◆ What is expected
Print the lines in the listing below that fall between the line with "20×30cmの楕円形:大き" and the line with "- Comedero o", those two lines included, exactly as they stand and with nothing else.
___ Provided records
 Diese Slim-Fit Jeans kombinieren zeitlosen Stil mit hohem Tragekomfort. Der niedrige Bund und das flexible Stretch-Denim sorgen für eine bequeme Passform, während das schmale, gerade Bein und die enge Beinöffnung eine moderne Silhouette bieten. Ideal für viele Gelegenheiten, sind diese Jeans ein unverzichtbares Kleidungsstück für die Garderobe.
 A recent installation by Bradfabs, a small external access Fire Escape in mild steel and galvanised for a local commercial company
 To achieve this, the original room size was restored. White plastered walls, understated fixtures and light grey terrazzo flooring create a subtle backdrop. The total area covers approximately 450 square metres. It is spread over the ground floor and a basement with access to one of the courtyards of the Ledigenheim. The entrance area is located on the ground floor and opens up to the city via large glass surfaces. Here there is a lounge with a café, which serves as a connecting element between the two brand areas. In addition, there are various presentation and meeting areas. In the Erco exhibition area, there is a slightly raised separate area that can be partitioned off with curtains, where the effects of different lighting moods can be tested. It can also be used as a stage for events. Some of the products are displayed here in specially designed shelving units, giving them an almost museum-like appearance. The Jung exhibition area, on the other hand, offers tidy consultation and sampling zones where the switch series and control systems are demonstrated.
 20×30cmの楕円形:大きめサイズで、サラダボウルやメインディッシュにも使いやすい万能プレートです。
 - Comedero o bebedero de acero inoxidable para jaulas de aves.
______
___ Provided records
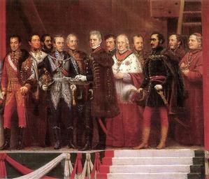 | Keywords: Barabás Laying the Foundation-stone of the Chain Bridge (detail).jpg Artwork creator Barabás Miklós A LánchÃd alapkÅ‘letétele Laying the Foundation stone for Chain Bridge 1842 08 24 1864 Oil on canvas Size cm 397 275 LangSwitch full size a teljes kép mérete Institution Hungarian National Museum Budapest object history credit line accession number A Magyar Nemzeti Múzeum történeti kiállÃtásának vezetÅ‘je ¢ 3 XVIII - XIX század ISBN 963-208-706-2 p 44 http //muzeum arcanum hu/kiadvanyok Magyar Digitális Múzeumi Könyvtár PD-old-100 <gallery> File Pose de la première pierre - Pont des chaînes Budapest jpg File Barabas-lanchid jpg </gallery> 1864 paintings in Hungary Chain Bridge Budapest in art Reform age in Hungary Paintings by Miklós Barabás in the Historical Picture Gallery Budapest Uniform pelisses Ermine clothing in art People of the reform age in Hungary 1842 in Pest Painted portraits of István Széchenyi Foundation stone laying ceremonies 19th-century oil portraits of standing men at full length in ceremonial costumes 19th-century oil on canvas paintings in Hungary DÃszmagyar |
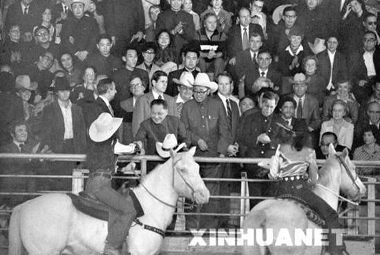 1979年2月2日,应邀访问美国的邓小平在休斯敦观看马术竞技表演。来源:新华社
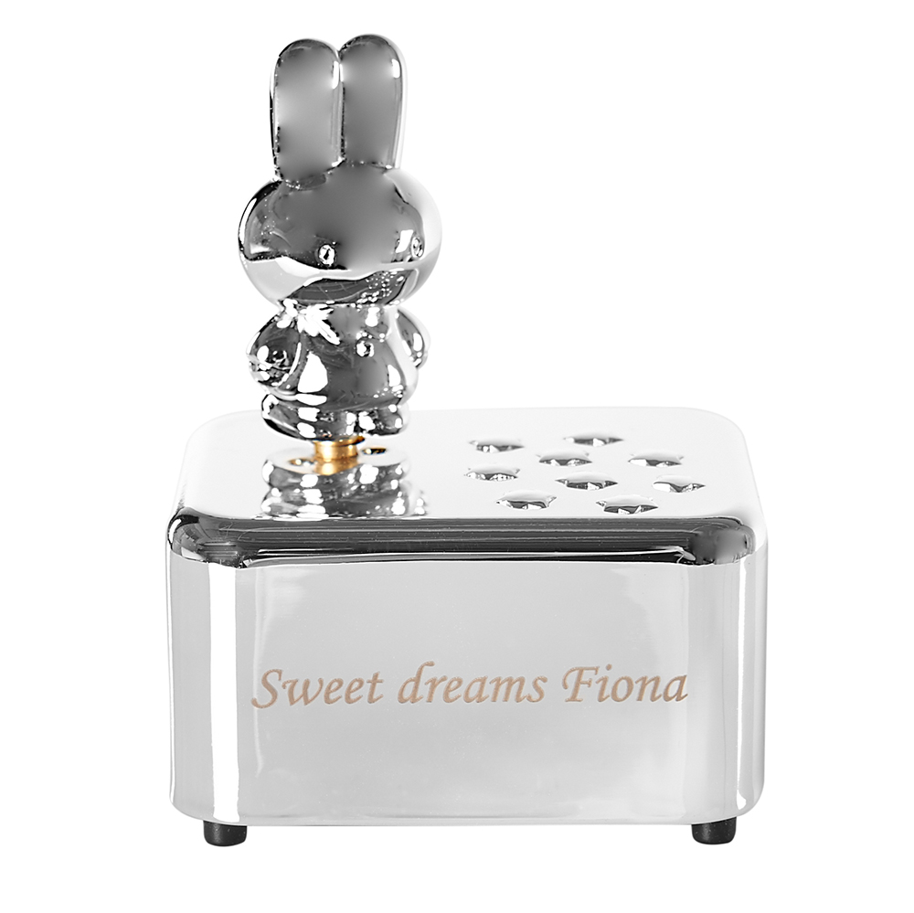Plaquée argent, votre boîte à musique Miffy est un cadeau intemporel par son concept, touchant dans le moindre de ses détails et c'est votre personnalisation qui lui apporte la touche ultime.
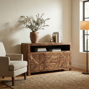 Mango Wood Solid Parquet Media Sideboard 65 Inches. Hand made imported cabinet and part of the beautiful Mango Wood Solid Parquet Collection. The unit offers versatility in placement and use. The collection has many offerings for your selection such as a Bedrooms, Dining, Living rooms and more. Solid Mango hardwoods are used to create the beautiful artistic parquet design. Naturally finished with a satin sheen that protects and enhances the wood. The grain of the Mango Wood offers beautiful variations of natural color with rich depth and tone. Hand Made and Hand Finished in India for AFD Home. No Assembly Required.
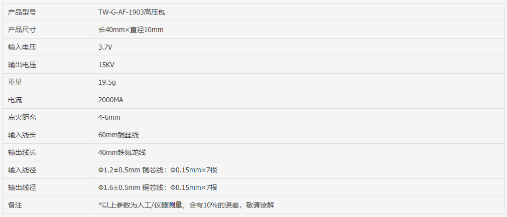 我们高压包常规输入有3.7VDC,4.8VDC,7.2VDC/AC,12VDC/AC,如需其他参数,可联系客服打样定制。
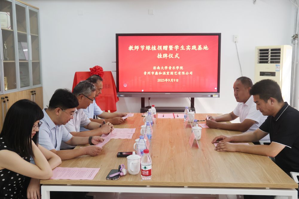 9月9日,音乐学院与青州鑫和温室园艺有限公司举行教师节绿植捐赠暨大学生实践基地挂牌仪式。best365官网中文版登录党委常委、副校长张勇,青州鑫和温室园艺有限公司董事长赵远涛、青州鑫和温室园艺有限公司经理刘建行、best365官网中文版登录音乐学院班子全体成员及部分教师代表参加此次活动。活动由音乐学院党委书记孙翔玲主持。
______
___ Provided records
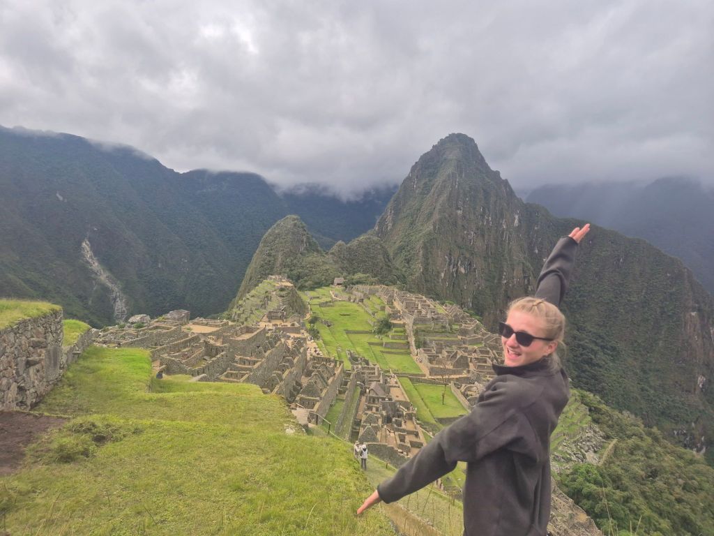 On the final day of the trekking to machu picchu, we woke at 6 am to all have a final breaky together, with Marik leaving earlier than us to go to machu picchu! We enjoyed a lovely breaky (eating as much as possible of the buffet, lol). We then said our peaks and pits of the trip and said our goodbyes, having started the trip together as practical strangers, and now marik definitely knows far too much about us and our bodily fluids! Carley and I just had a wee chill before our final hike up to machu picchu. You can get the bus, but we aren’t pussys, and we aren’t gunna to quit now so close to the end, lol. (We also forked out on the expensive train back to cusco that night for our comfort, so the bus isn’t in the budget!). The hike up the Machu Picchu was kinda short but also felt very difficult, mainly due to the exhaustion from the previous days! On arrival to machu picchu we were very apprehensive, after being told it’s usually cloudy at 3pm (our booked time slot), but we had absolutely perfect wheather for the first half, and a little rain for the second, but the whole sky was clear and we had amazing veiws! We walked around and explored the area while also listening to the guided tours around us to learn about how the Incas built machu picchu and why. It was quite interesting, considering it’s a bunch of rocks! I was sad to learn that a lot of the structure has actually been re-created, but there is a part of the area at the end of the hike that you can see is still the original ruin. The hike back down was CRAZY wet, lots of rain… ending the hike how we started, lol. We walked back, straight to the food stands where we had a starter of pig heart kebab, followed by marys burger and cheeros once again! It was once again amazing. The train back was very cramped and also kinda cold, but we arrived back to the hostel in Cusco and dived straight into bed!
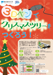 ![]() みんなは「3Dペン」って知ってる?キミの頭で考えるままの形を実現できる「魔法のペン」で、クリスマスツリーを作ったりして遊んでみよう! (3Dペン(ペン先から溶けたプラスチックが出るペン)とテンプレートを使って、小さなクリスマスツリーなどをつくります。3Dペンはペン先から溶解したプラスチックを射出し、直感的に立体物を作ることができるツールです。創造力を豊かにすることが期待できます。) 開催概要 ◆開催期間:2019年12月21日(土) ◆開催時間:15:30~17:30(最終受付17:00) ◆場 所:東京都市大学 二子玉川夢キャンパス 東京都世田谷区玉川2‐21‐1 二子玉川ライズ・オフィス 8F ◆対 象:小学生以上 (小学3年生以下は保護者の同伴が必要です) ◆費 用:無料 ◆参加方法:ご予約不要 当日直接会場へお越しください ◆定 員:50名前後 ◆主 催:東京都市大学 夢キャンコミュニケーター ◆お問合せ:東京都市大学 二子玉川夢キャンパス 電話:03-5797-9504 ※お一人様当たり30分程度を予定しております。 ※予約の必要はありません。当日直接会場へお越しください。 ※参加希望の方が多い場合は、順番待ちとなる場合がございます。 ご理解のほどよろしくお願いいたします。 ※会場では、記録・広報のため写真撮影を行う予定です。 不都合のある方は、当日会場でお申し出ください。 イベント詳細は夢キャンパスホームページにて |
______
◆ Solution to this exercise
 20×30cmの楕円形:大きめサイズで、サラダボウルやメインディッシュにも使いやすい万能プレートです。
 - Comedero o bebedero de acero inoxidable para jaulas de aves.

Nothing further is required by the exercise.